February 26, 2015

esProc Helps Process Heterogeneous Data sources in Java - Hive

It is easy for Java to connect to Hive using JDBC. But the computational ability of Hive is less than that of SQL in other databases. So to deal with uncommon computations, data should be retrieved before further operation is performed using Java. Thus the code for will be complicated.

But if esProc is used to help with the Java programming, the complicated operation as a result of using Hive in Java will become simpler. The following example will show how esProc works with Java in detail. orders is a table in Hive containing the detailed data of sales orders. Now it is required to compute the year-on-year comparison and link relative ratio. The data is as follows:

ORDERID CLIENT     SELLERID AMOUNT ORDERDATE
1       UJRNP      17     392  2008/11/2 15:28
2       SJCH         6       4802         2008/11/9 15:28
3       UJRNP      16     13500       2008/11/5 15:28
4       PWQ         9       26100       2008/11/8 15:28
5       PWQ         11     4410         2008/11/12 15:28
6       HANAR     18     6174         2008/11/7 15:28
7       EGU 2       17800       2008/11/6 15:28
8       VILJX         7       2156         2008/11/9 15:28
9       JAYB          14     17400       2008/11/12 15:28
10     JAXE          19     19200       2008/11/12 15:28
11     SJCH         7       13700       2008/11/10 15:28
12     QUICK      11     21200       2008/11/13 15:28
13     HL    12     21400       2008/11/21 15:28
14     JAYB          1       7644         2008/11/16 15:28
15     MIP  16     3234         2008/11/19 15:28


Link relative ratio refers to comparison between the current data and data of the previous period, using month as the time interval. For example, divide the sales figure in April by that in March and we get the link relative ratio of April. Year-on-year comparison is the comparison between the current data and data of the corresponding period of the previous year, which means, for example, dividing the sales figure of April 2014 by that of April 2013. Since Hive provides no window functions, it cannot complete the computation unless using nested SQL. But Hive supports very poor subquery and usually the computation should be performed outside of the database. With esProc, however, the computation can be realized easily. The code is as follows:

A1: Connect to the database through JDBC using the datasource Hive defined in advance.

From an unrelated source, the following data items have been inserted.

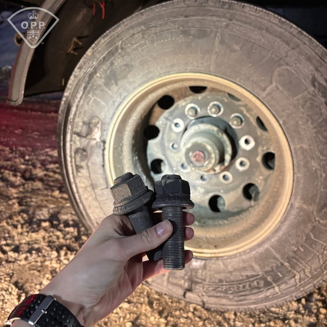 On Tuesday, February 3, 2026, at approximately 3:45 p.m., an officer with the North Bay OPP observed a tractor‑trailer travelling 113 km/h east of Mattawa on Highway 17. During the stop, the officer noticed loose and missing wheel fasteners on the vehicle’s fourth axle, classified as a major defect and an imminent wheel‑off hazard.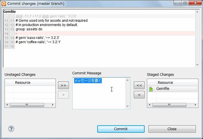 コミットと呼ばれる作業を行うことで修正をgitが引き受けることになります。Aptana Studioでは、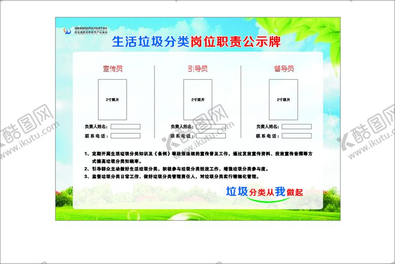 像素,生活垃圾分类岗位职责公示牌是由平面广告设计师luyong1111上传,浏览本次作品的您可能还对生活垃圾,垃圾分类,岗位职责,公示牌,西安垃圾分类,平面广告,,平面广告感兴趣。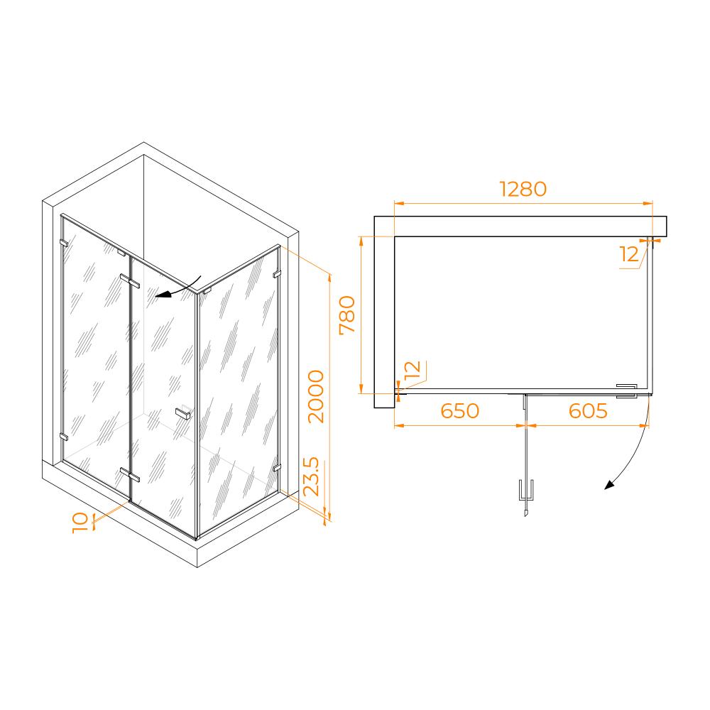 Душевой уголок RGW SV-040B 1300x800, профиль черный, стекло прозрачное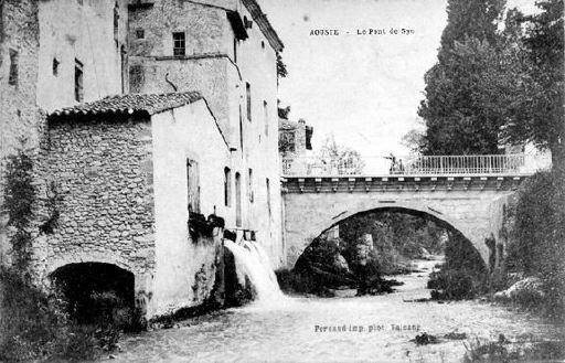 La première demande de création d’un bureau de poste à Aouste date de 1860, elle est longuement motivée par une population de 1200 âmes et une « industrie considérable, on y compte deux papeteries, une importante fabrique de soie, deux ateliers assez considérables de foulons de draps, des moulins à farines, pressoirs a huile, des fours a chaux, des chapeliers…. et un assez grand nombre des ouvriers … »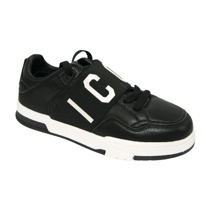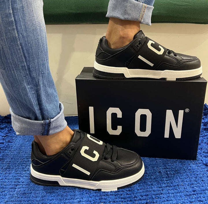 Sneakers uomo Icon in ecopelle nera con dettagli bianchi a contrasto. Chiusura con lacci piatti in cotone in tinta e maxi elastico copri lacci con logo. Sottopiede comfort foam, fondo in gomma altezza 3.5 cm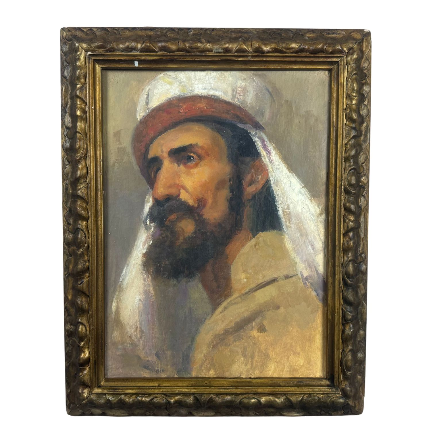 Dipinto olio su tela, periodo XIX/XX secolo scuola Europea, raffigurante Uomo con turbante.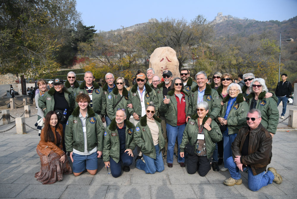 2023年10月29日,飛虎隊老兵莫耶一行人在北京八達嶺長城合影留念。當日,美中航空遺產基金會訪華代表團成員陸續(xù)抵達北京。新華社記者 任超 攝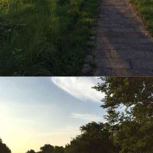 雨あがりの朝〜♫ 届いた短い手紙〜♪ 早朝散歩❣️ 爽やか木々もイキイキしてる🌳 写真下の木は何だろう❓ この歌知ってる人は💖をポチる☝🏻️(笑)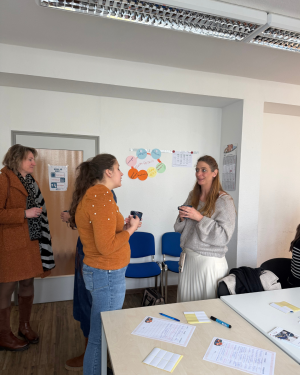 Bei Waffeln, Kaffee und kleinen Snacks stand zunächst das Projekt Wirtschaft integriert im Mittelpunkt. Ziel war es, Einblicke in die Arbeit, die Strukturen und die Zielsetzung des Projekts zu geben. Im Anschluss wurde bewusst Raum für Austausch geschaffen. Gespräche entstanden zwischen bekannten Partnern ebenso wie zwischen neuen Gesichtern. Genau hier liegt die besondere Stärke solcher Formate. Netzwerkarbeit lebt davon, dass Menschen ins Gespräch kommen, Erfahrungen teilen und voneinander lernen.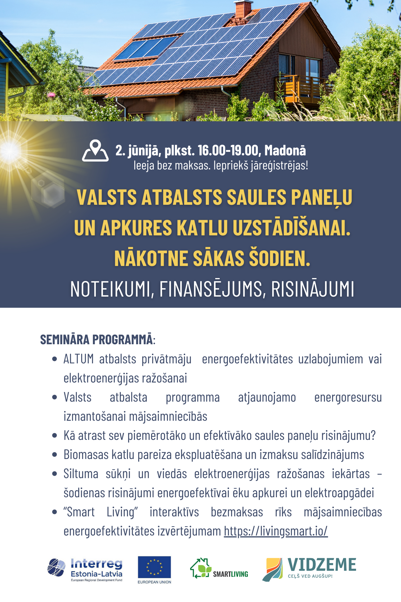 Ceturtdien, 2. jūnijā, plkst. 16.00, Madonā (Saieta laukumā 1, Madonas novada pašvaldības domes ēkas 3. stāva zālē) Vidzemes plānošanas reģions organizē bezmaksas semināru “Valsts atbalsts saules paneļu un apkures katlu uzstādīšanai. Nākotne sākas šodien. Noteikumi, finansējums, risinājumi.”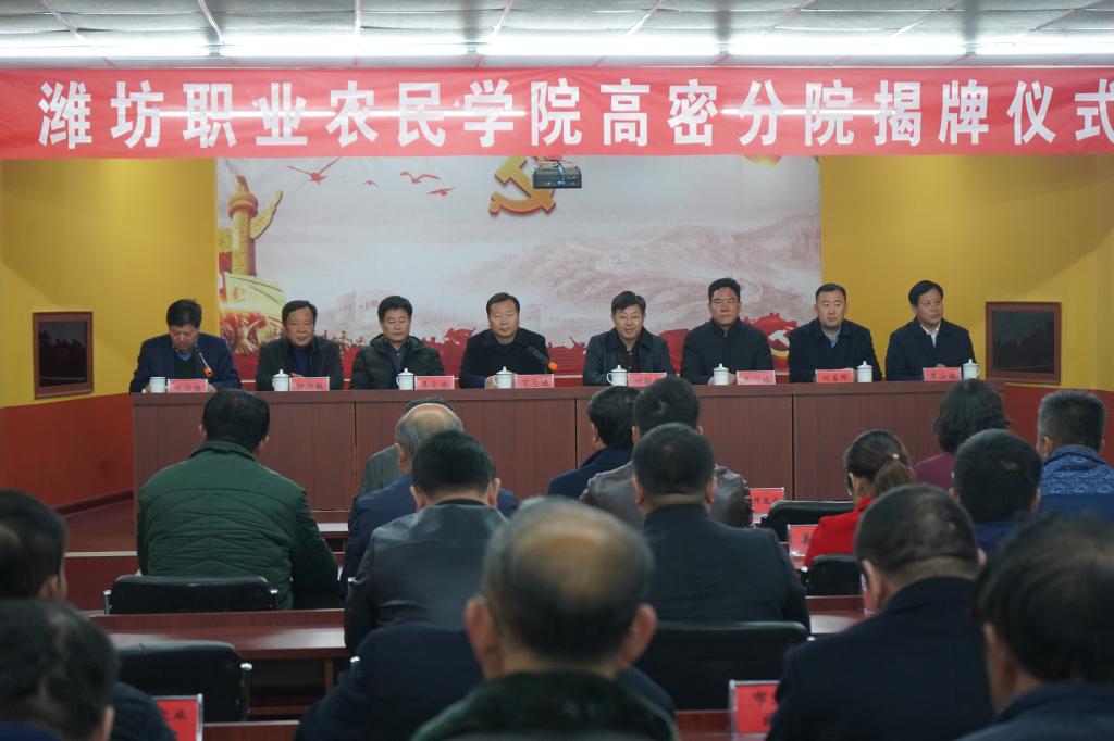 高密市副市长付联宝在讲话中表示,高密市委、市政府将集聚优势资源,全力支持潍坊职业农民学院在高密开展科研、教学、培训等各项活动,全力承接潍坊职业农民学院的技术转移和培训项目。高密全市各部门要充分发挥职能作用,为双方深化合作提供优质服务,为加快推动高密农业农村发展转型升级提供更加有力的人才支撑和智力支持。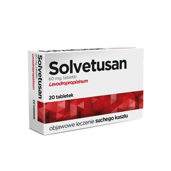 Lek Solvetusan zawiera substancję czynną lewodropropizynę o działaniu przeciwkaszlowym i znoszącym skurcz oskrzeli. Wiele danych wskazuje, że lek ten skutecznie hamuje kaszel o różnym pochodzeniu, jak np. kaszel związany z zakażeniami górnych i dolnych dróg oddechowych, krztusiec czy kaszel w przebiegu raka płuca.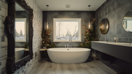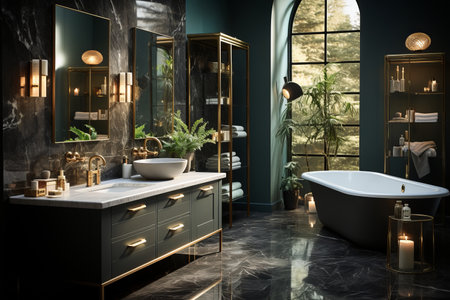 Luxury bathroom interior with black bathtub, mirror and tiled floor

A2: Query the data in the database by the time period using external parameters begin and end. Such as begin="2011-01-01 00:00:00", end="2014-07-08 00:00:00" (i.e. the current date which can be obtained using now() function).

A3: Group orders by the year and the month and sum up to get the sales of each month.

A4: Add a new field Irr, which is the monthly link relative ratio. The expression is mAmount/mAmount[-1], in which mAmount represents the sales in the current time period and mAmount[-1] represents the sales in the previous one. Note that the link relative ratio of the initial month (January of 2011) is empty.

A5: Sort the data in A4 by the month and the year before we compute the year-on-year comparison. Complete code should be =A4.sort(m,y). But since A4 has been sorted by the year, here we just need to sort it by the month, that is A4.sort(m), which has a better performance.

A6: Add another new field yoy, which is the year-on-year comparison of the 
monthly sales figure. The expression is if(m==m[-1],mAmount/mAmount[-1],null), which means the year-on-year comparison is valid only between the same months of the two time periods. The year-on-year comparison of each month in the initial year (the year of 2011) is empty.

A7Sort the data in A6 by the year in descending order and by the month in ascending order. Note that the data is valid up to July of 2014. The result is as follows:
A8: Close Hive database connection.

A9: Return the result.

This block of code can be called by Java using esProc JDBC to get the final result (the above esProc program will be saved as test.dfx). The code for this is as follows:
          // create a connection using esProc jdbc
Class.forName("com.esproc.jdbc.InternalDriver");
con= DriverManager.getConnection("jdbc:esproc:local://");
// call the esProc program (the stored procedure); test is the file name of dfx
st =(com.esproc.jdbc.InternalCStatement)con.prepareCall("call test(?,?)");
// set the parameters
st.setObject(1,"2011-01-01 00:00:00");//begin
st.setObject(1,"2014-07-08 00:00:00");//end
// execute esProc stored procedure
st.execute();
// get the result set
ResultSet set = st.getResultSet();

It is the same way in which esProc accesses Hive and other ordinary databases. Just configure their JDBC while detailed process is omitted here.